Edvard Benes, Staatspräsident Tschechiens, fühlte sich von den Schutzmächten verraten. " Über uns, ohne uns " war das Empfinden der Tschechen. Benes tritt zurück und geht zunächst nach London ins Exil. Als er 1945 aus Moskau nach Prag zurückkehrt ist für ihn die Sowjetunion eher vertrauenswürdig als die Westmächte.
Am 15. März 1939 wird das restliche Territorium Tschechiens durch die deutsche Wehrmacht besetzt. Die Slowakei wird ein Schutzstaat von Hitlers Gnaden.
Hitler wollte den Krieg. In den Nürnberger Prozessen taucht eine Rede vor den Oberbefehlshabern am 22. August 1939 auf: "die Gegner haben nicht mit meiner Entschlusskraft gerechnet. Unsere Gegner sind kleine Würmchen. Ich sah sie in München. Nun ist Polen in der Lage, in der ich es haben wollte. Ich habe nur Angst, dass mir im letzten Moment irgendein Schweinehund einen Vermittlungsplan vorgelegt. "
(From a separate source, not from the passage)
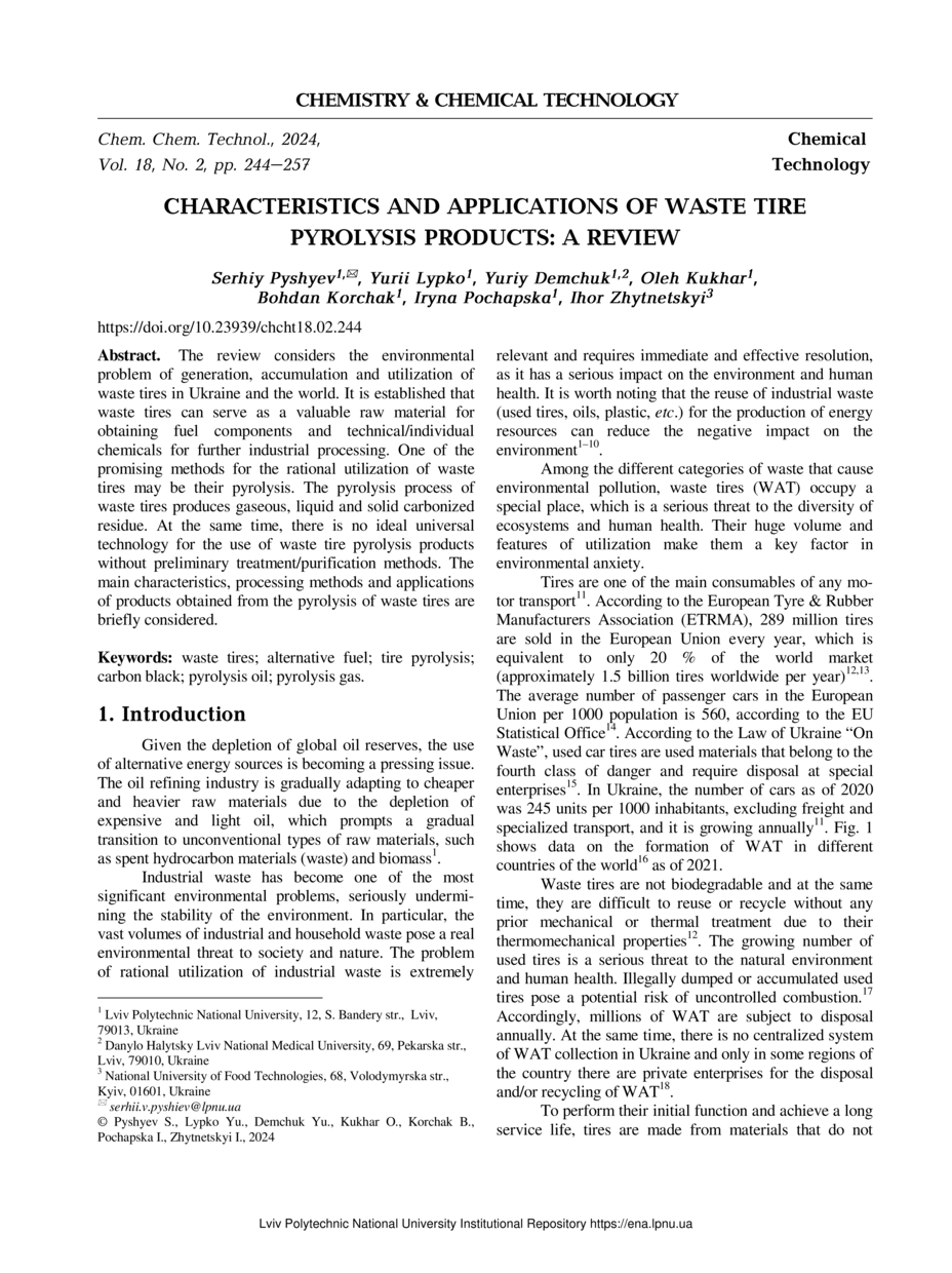 Characteristics and Applications of Waste Tire Pyrolysis Products. A Review / Serhiy Pyshyev, Yurii Lypko, Yuriy Demchuk, Oleh Kukhar, Bohdan Korchak, Iryna Pochapska, Ihor Zhytnetskyi // Chemistry & Chemical Technology. — Lviv : Lviv Politechnic Publishing House, 2024. — Vol 18. — No 2. — P. 244–257.
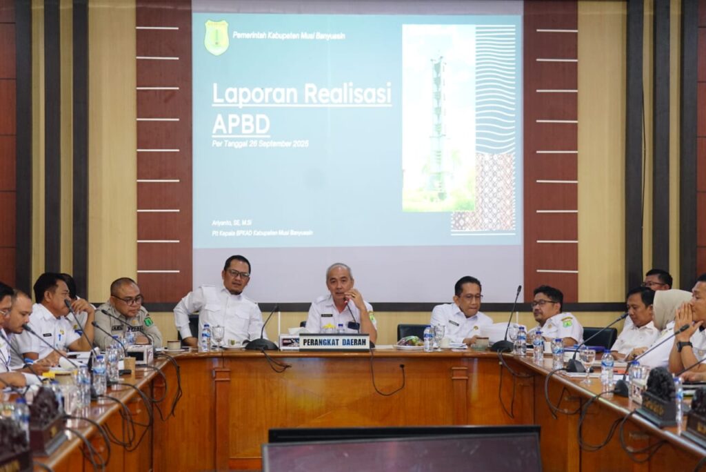 SEKAYU – Badan Anggaran (Bangar) Dewan Perwakilan Rakyat Daerah (DPRD) Kabupaten Musi Banyuasin (Muba) menggelar rapat evaluasi mendalam terkait realisasi Anggaran Pendapatan dan Belanja Daerah (APBD) Tahun Anggaran 2025. Rapat yang dipimpin langsung oleh Ketua DPRD Muba sekaligus Ketua Bangar, Afitni Junaidi Gumay, S.E, berlangsung di Ruang Rapat Badan Musyawarah DPRD Muba pada Rabu, 1 Oktober 2025.

In den Bormann Diktaten von 1945 hat Hitler bedauert nicht Krieg angefangen zu haben: " Vom militärischen Standpunkt aus waren wir daran interessiert ihn ein Jahr früher zu beginnen. Aber ich konnte nichts machen, da die Engländer und Franzosen in München alle meine Forderungen akzeptierten. " ( Sebastian Haffner, Anmerkungen zu Hitler 26. Aufl. Fischer Taschenbuchverlag )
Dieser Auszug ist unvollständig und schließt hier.